[WHAT IS BEING ASKED]: Using the material below, print a verbatim copy of every line from the one containing "NY「金」相場12/7の終値" through the one containing "защитный кожух. |", inclusive, and omit the pictures.

[EXTRACTED ENTRIES]:
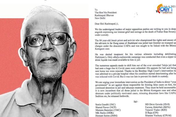 ഫാ. സ്റ്റാന് സ്വാമിയുടെ മരണത്തെക്കുറിച്ച് അന്വേഷണം നടത്തണം: രാഷ്ട്രപതിയ്ക്കു കത്തയച്ച് സംയുക്ത പ്രതിപക്ഷ നേതൃത്വം
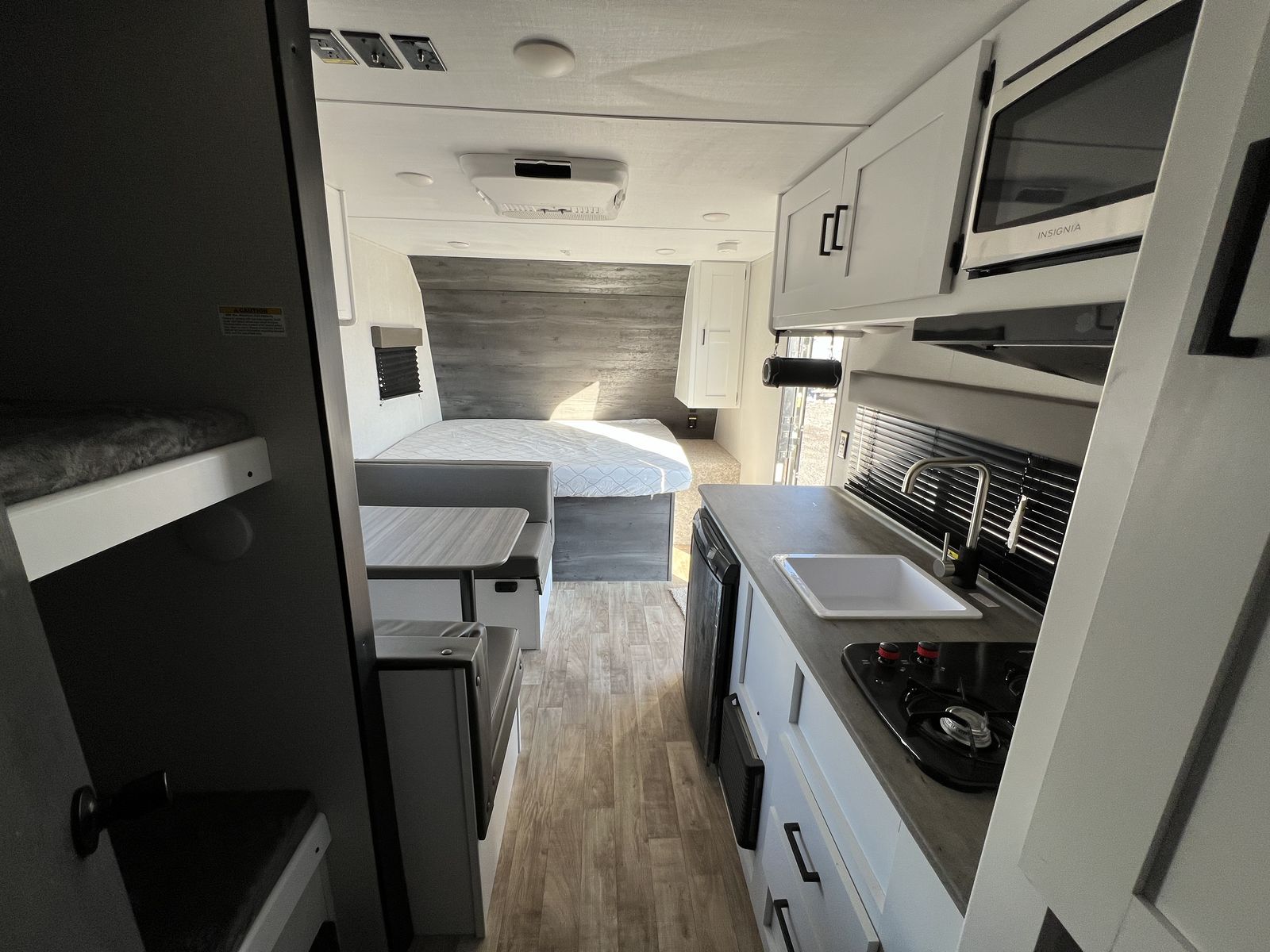 This bunkhouse sleeps up to 6. KEEPS IT SUPER SIMPLE WITH NO SLIDEOUT. It does come with solar! 1 YEAR WARRANTY.
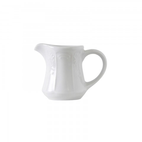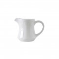 Creamer, 3-1/2 oz., 3-7/8" x 2-7/8"H, embossed, with handle, microwave & dishwasher safe, oven proof, fully vitrified, lead-free, Chicago, Porcelain White
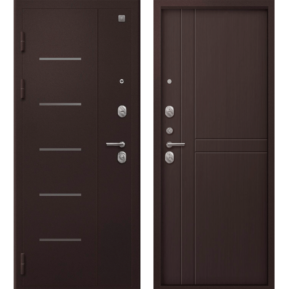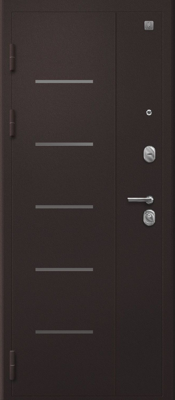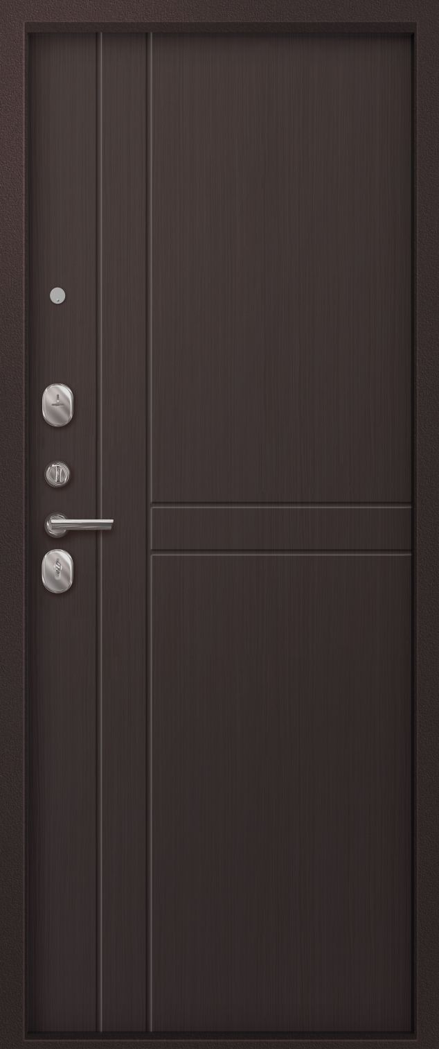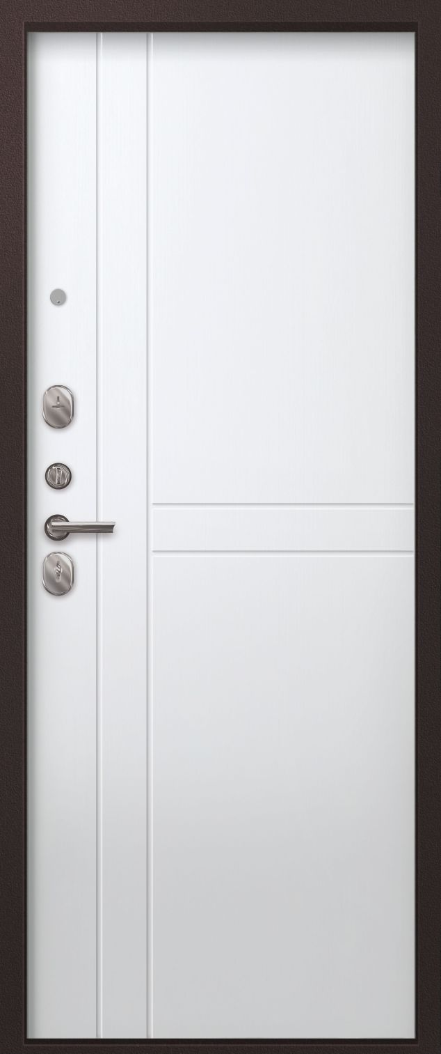Броненакладка на цилиндр, цилиндр — ключ/вертушка*, ночная задвижка, ручка раздельная, 3 петли, глазок, противосъемные штыри
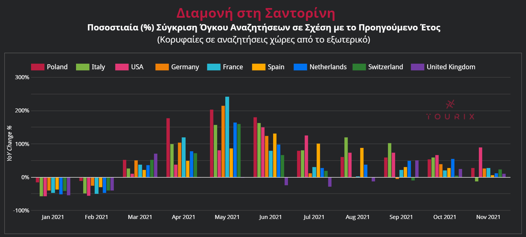 Σε ετήσια βάση, όσον αφορά τις αναζητήσεις τον Νοέμβριο του 2021 σε σχέση με τον Νοέμβριο του 2020, παρατηρήθηκε σημαντική αύξηση 28% από την Πολωνία, 90% από τις ΗΠΑ, 27% από τη Γερμανία, 29% από τη Γαλλία, 6% από την Ισπανία, 12% από την Ολλανδία, 24% από την Ελβετία, 11% από το Ηνωμένο Βασίλειο και μείωση 14% από την Ιταλία.
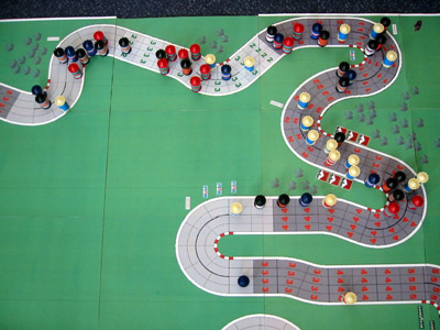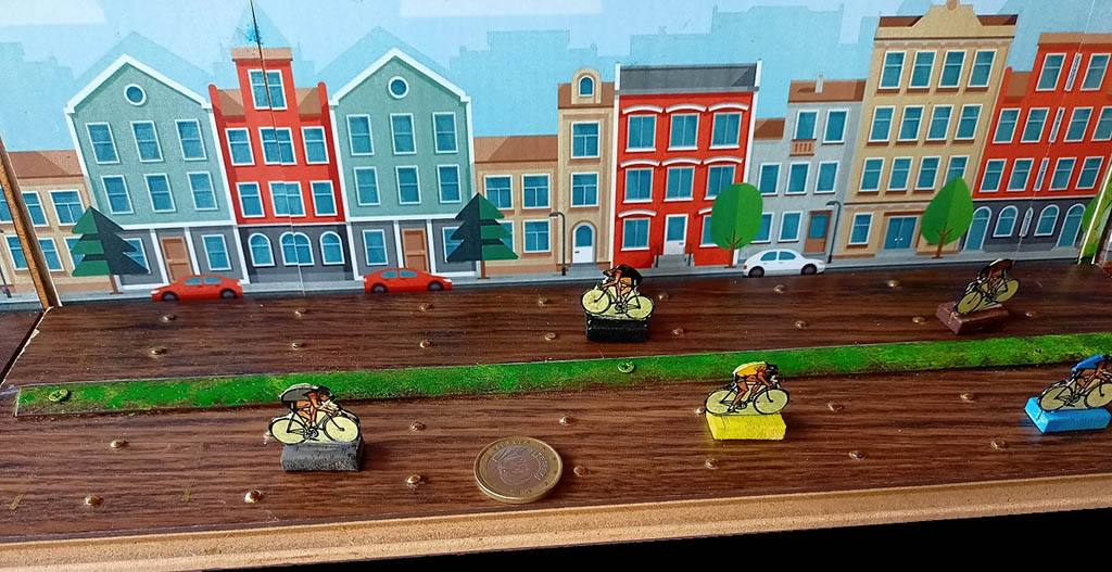 This game has been in my head for some time now and I think it’s worth a playtesting. It is very loosely based on Sprint Cycling. When I was young this always struck me as a daft name because they don’t (sprint, that is) at least not until the final 200 metres or so. The bulk of the contest is taken up by an elaborate battle of wits in an attempt to hang behind the opposing cyclist until the last possible moment.
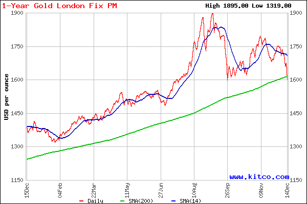 NY「金」相場12/7の終値は1743ドル、昨日12/14の終値は1576ドルで5営業日で167ドルの下げとなった。
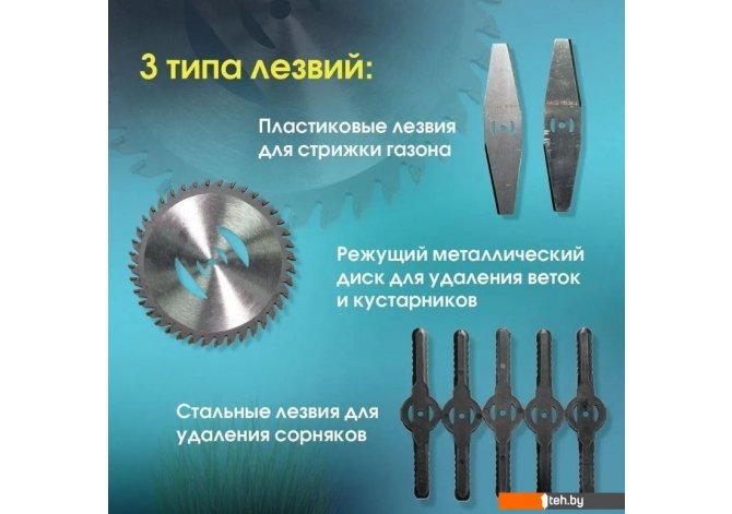 | Комплектация | - аккумулятор (2 шт.), - зарядное устройство, - металлический нож, - пластиковый нож, - металлический диск, - набор крепежный, - защитный кожух. |
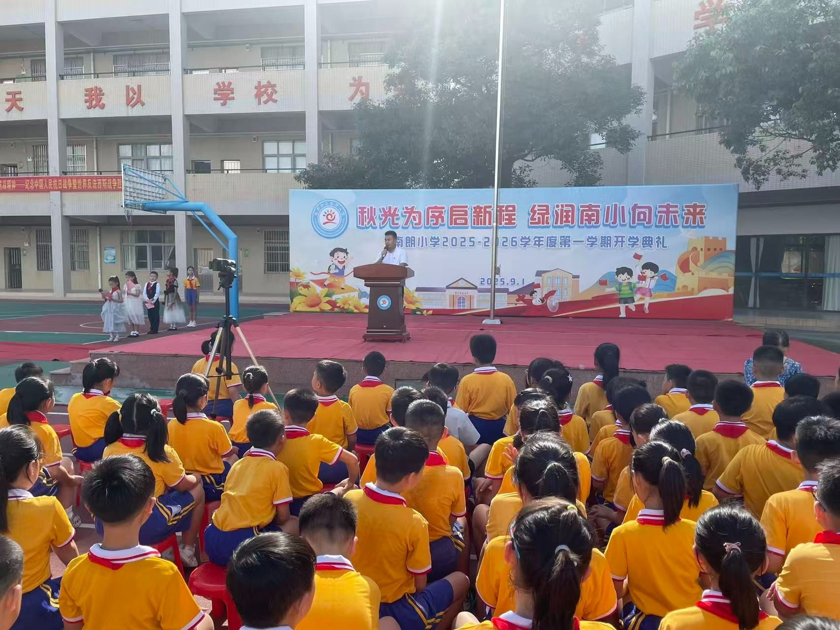 9月1日,中山南朗街道南朗小學舉行秋季學期開學典禮。開學典禮以紀念中國人民抗日戰爭暨世界反法西斯戰爭勝利80周年為主題,把愛國主義教育作為新學期的“開學第一課”,帶領同學們回望烽火歲月,弘揚偉大抗戰精神。 南朗街道南朗小學黨支部書記、校長杜少君為同學們講述了可歌可泣的抗戰故事。簡文祥 攝開學典禮上,南朗街道南朗小學黨支部書記、校長杜少君以《銘記偉大勝利,傳承抗戰精神——紀念中國人民抗日戰爭暨世界反法西斯戰爭勝利80周年》為題,講述了可歌可泣的抗戰故事,為全體師生上了一堂生動的思政第一課。 92歲的老校長程民興受邀來到學校,他以親歷者的身份為同學們講述校園經歷的抗戰故事。簡文祥 攝南朗小學的前身是安定學校,也是1943年南朗安定戰斗的核心遺址。活動當日,92歲的老校長程民興受邀來到學校,他以親歷者的身份為同學們講述校園經歷的抗戰故事,讓過去的歷史多了份可觸的溫度。“日本飛機轟炸安定學校時,瓦片碎裂的聲響至今仍在耳畔回響,那次轟炸,我險些沒能活下來。”他告訴同學們,日寇占據安定學校后,把兩層教學樓改造成堡壘,墻外布滿帶刺的鐵絲網,槍口日夜對著村口;那時他就躲在閣樓里,親眼看見二樓窗口常年架著機槍,夜里探照燈掃過田野時,全村人都屏息凝神,不敢發出半點聲響。 如今,程民興的兒女們在國外生活,孩子們想要接他出國,但他卻執意留在國內。他告訴同學們:“你們看,咱們現在的日子多好啊——吃的、用的樣樣齊全,出門不管是坐車還是騎車,去哪兒都特別方便;再瞧瞧你們的校園,環境優美,設備先進。同學們一定要珍惜這么好的學習環境,認真讀書,增長本領,祖國的建設以后就要靠你們了。” 杜少君帶領孩子們到南朗小學操場保留的帶彈孔的殘墻,講述抗戰往事。簡文祥 攝活動最后,杜少君特意帶領孩子們到南朗小學操場保留的帶彈孔的殘墻,觸摸那些深淺不一的彈痕。他指向殘墻旁生長的綠植說道:“這片曾被戰火灼燒的土地,如今已長出繁榮的新綠。烈士們用生命守護的家園,正在一代代人的手中變得更好。”觸摸彈痕的那一刻,同學們仿佛在與歷史對話:傳承偉大抗戰精神,不是一句口號,而是要接過前輩的接力棒,在新時代為家鄉、為祖國奮斗。 校園操場、紅色地標、親歷者、戰斗遺址串聯起一堂行走的思政課。杜少君說:“讓孩子們在歷史現場觸摸過去,才能真正理解‘銘記’的意義。偉大抗戰精神的傳承,就藏在每一次駐足、每一次傾聽、每一次思考里。” 通訊員:于銳 簡文祥 ◆編輯:吳玉珍◆二審:鄭沛鋒◆三審:周亞平 文盾校對——用科技,守文字 |
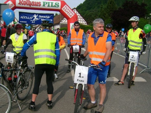 Startaufstellung kurz vor halb neun. Eine Kapelle bläst uns den Marsch, die letzten Mannschaftsfotos werden geschossen und die Führungsradler stehen auch schon in den Pedalen. Die Prominenz, darunter Aesculap-Boss Prof. Dr. Dr. Dr. Michael Ungethüm, wird noch mal interviewt. Aesculap ist in der Medizintechnik aktiv und sponsert die Veranstaltung. Zahlreiche Sportler stehen in Firmentrikots bereit. Ich habe den Eindruck, dass die ganze Region hinter dem Event steht. Es werden Luftballons ausgeteilt.
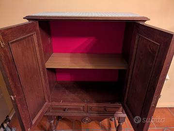 Mobiletto antico in legno massello con intagli
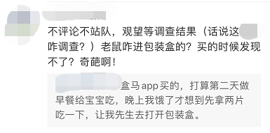 浦东新区市场监管局已要求涉事企业立即开展全面自查,加强食品安全管理,并将联系消费者,对涉事产品进一步调查。同时,通报盒马中转仓属地监管部门,对相关情况进行调查处理。
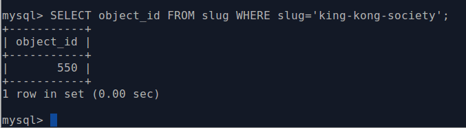 SELECT object_id FROM slug WHERE slug='your-slug-here';
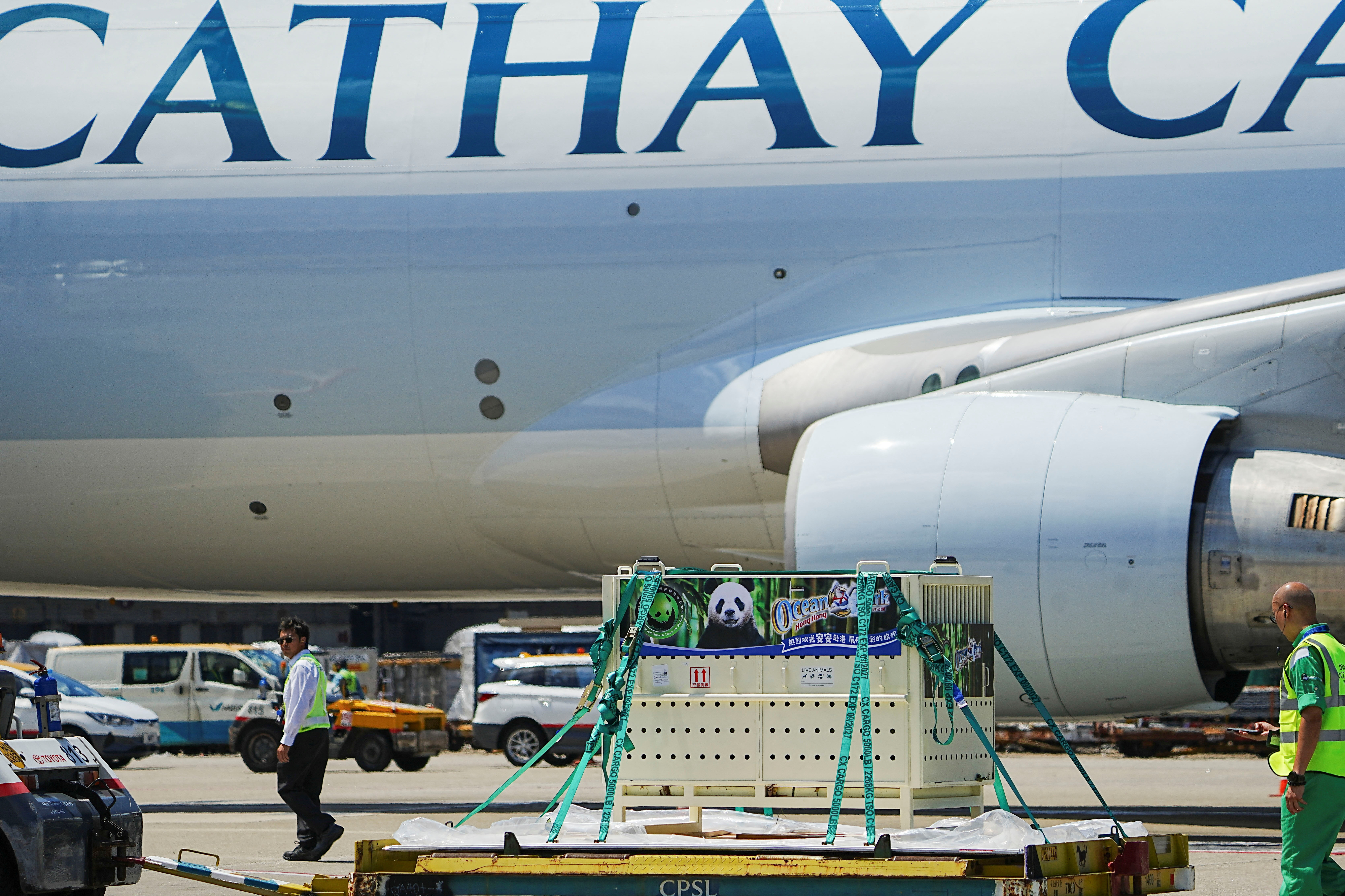 项目1,共5项 安安,一只大熊猫,作为中国的礼物抵达香港国际机场,迎接中国第75个国庆日,地点:香港,中国 2024年9月26日。路透社/林逸
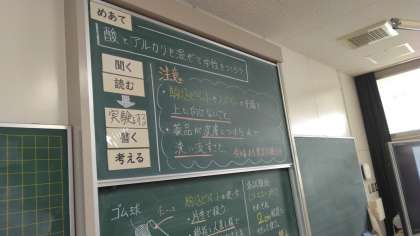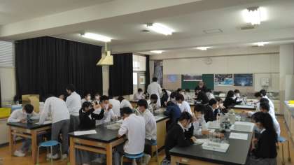 理科の研究授業では、酸とアルカリを混ぜた時の中和反応の実験をしています。
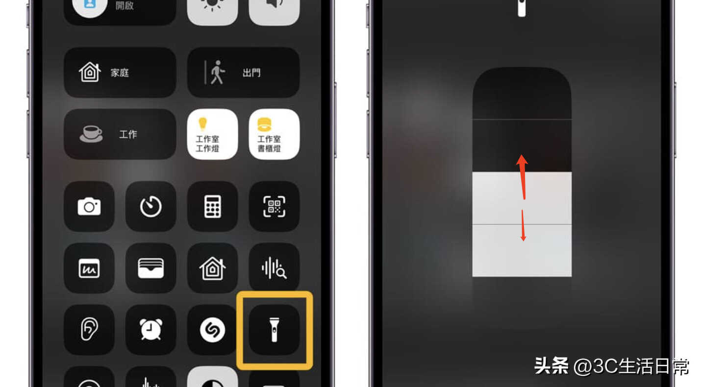 下滑控制中心,长按“手电筒”,就可以调节手电筒的亮度。

[SOLUTION TO THIS TASK]:
 NY「金」相場12/7の終値は1743ドル、昨日12/14の終値は1576ドルで5営業日で167ドルの下げとなった。
 | Комплектация | - аккумулятор (2 шт.), - зарядное устройство, - металлический нож, - пластиковый нож, - металлический диск, - набор крепежный, - защитный кожух. |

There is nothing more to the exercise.